-- EXERCISE REQUIREMENTS --
Please restate each line of the material word for word and omit any pictures.
****************************************
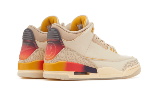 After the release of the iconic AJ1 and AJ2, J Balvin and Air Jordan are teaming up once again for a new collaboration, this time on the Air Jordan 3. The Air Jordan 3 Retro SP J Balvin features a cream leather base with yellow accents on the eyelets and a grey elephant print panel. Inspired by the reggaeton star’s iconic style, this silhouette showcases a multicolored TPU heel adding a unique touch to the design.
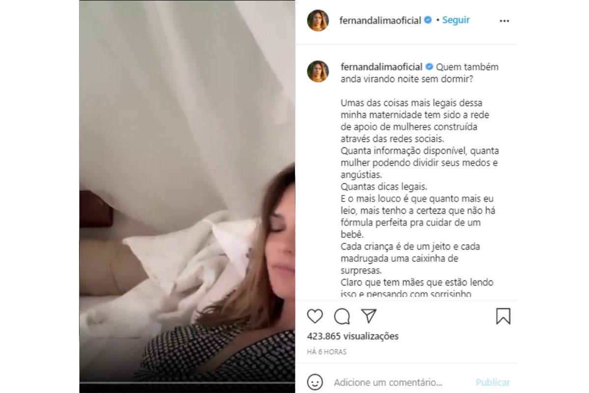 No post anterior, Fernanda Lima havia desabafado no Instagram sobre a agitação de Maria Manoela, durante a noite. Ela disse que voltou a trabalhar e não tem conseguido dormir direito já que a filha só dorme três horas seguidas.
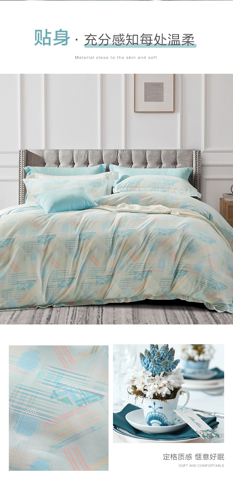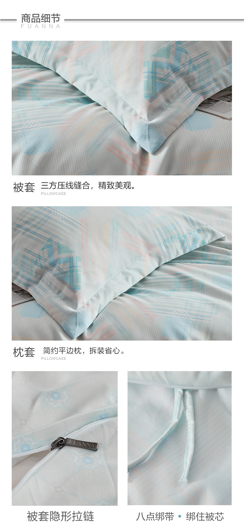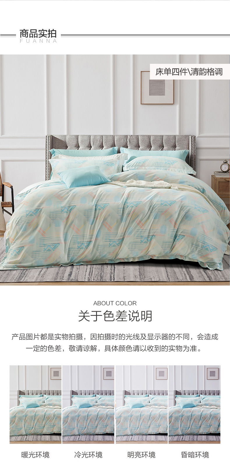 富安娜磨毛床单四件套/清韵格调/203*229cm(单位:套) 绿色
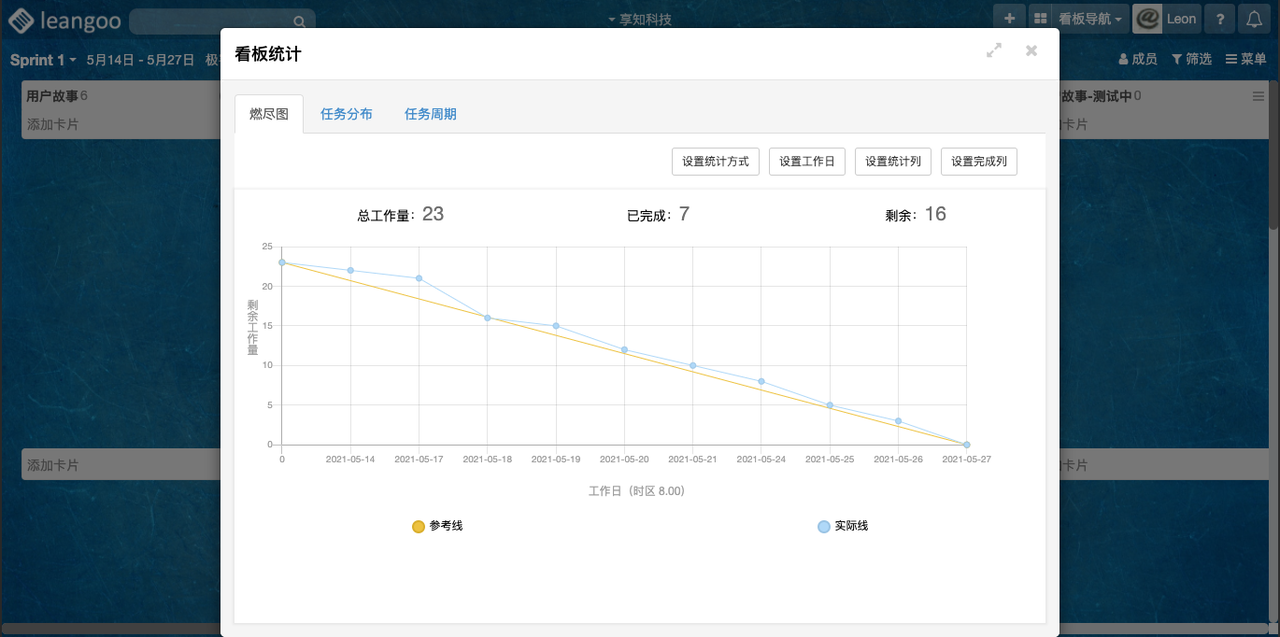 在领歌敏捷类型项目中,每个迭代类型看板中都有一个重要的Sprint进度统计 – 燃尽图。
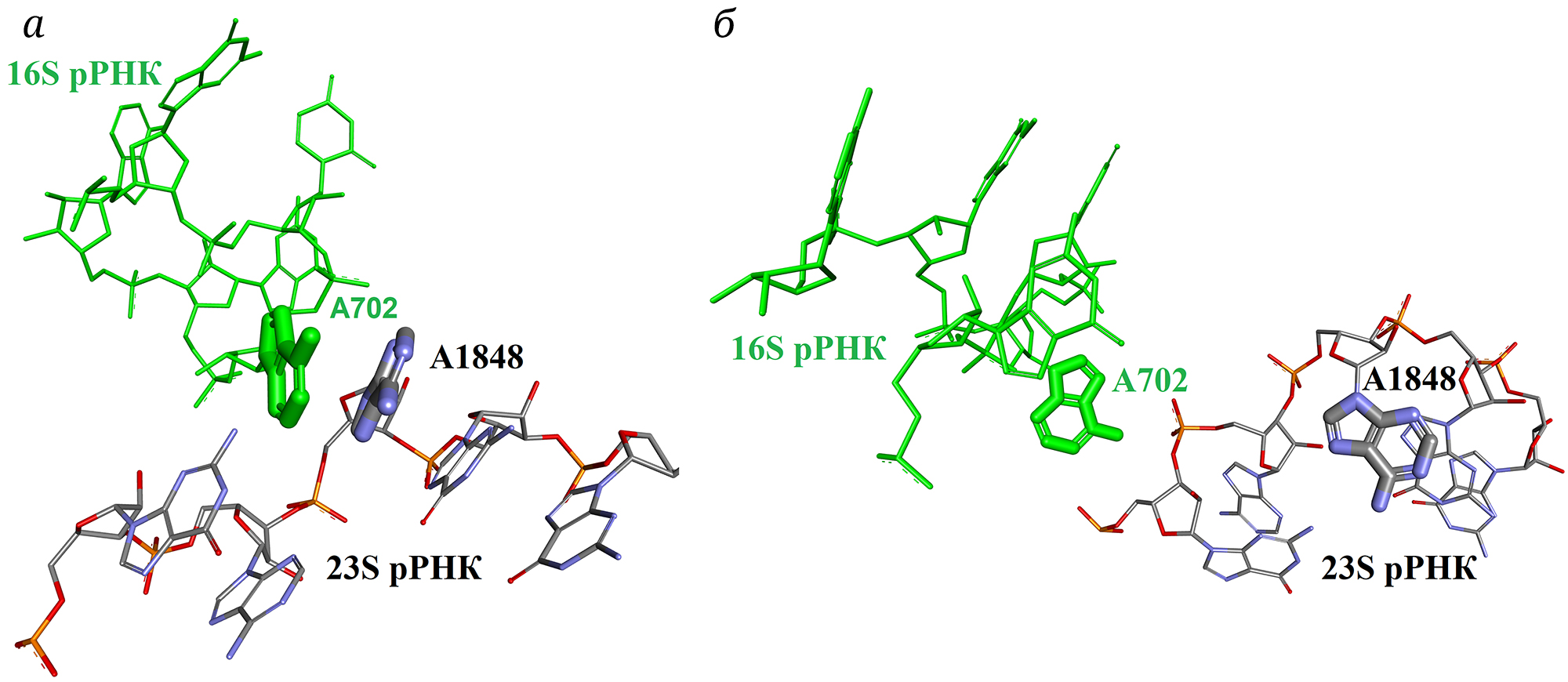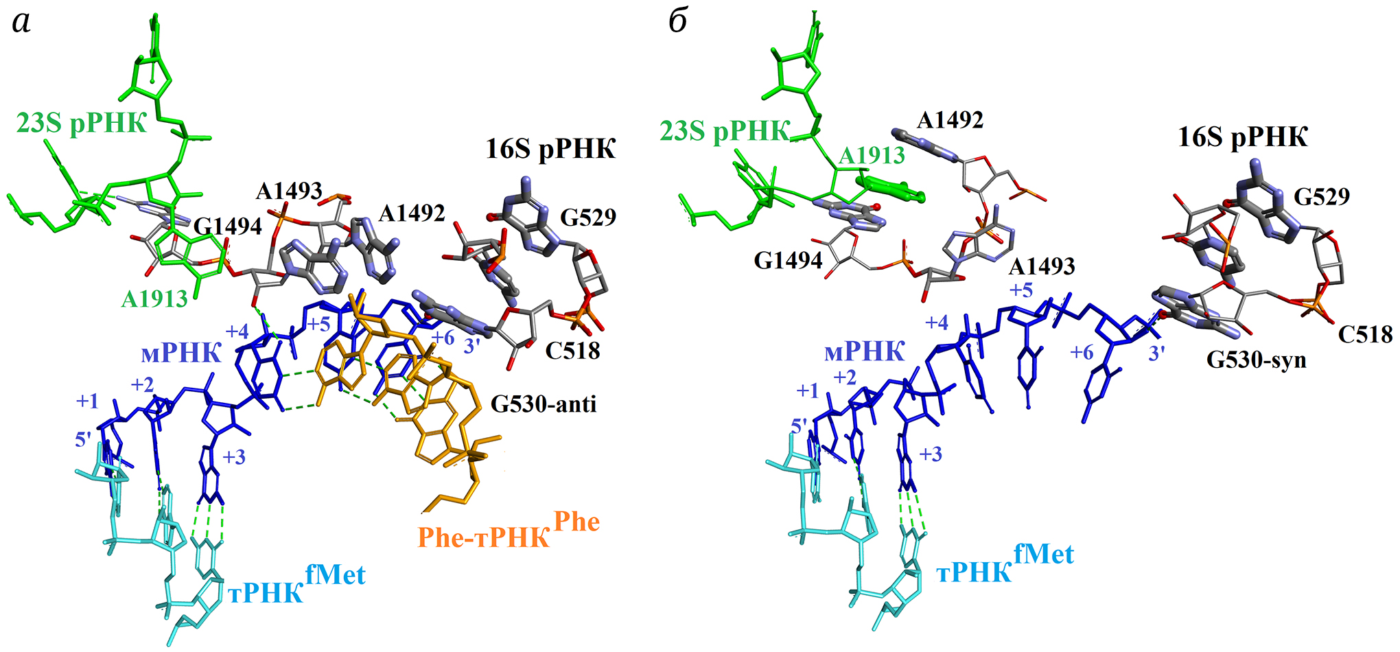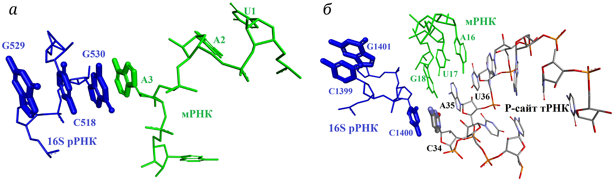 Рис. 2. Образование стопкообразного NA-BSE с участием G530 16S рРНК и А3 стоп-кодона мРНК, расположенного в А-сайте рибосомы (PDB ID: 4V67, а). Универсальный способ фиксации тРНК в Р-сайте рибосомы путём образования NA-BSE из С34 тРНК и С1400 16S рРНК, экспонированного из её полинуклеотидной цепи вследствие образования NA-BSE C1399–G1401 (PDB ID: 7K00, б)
****************************************
-- RESPONSE BELOW --
 After the release of the iconic AJ1 and AJ2, J Balvin and Air Jordan are teaming up once again for a new collaboration, this time on the Air Jordan 3. The Air Jordan 3 Retro SP J Balvin features a cream leather base with yellow accents on the eyelets and a grey elephant print panel. Inspired by the reggaeton star’s iconic style, this silhouette showcases a multicolored TPU heel adding a unique touch to the design.
 No post anterior, Fernanda Lima havia desabafado no Instagram sobre a agitação de Maria Manoela, durante a noite. Ela disse que voltou a trabalhar e não tem conseguido dormir direito já que a filha só dorme três horas seguidas.
 富安娜磨毛床单四件套/清韵格调/203*229cm(单位:套) 绿色
 在领歌敏捷类型项目中,每个迭代类型看板中都有一个重要的Sprint进度统计 – 燃尽图。
 Рис. 2. Образование стопкообразного NA-BSE с участием G530 16S рРНК и А3 стоп-кодона мРНК, расположенного в А-сайте рибосомы (PDB ID: 4V67, а). Универсальный способ фиксации тРНК в Р-сайте рибосомы путём образования NA-BSE из С34 тРНК и С1400 16S рРНК, экспонированного из её полинуклеотидной цепи вследствие образования NA-BSE C1399–G1401 (PDB ID: 7K00, б)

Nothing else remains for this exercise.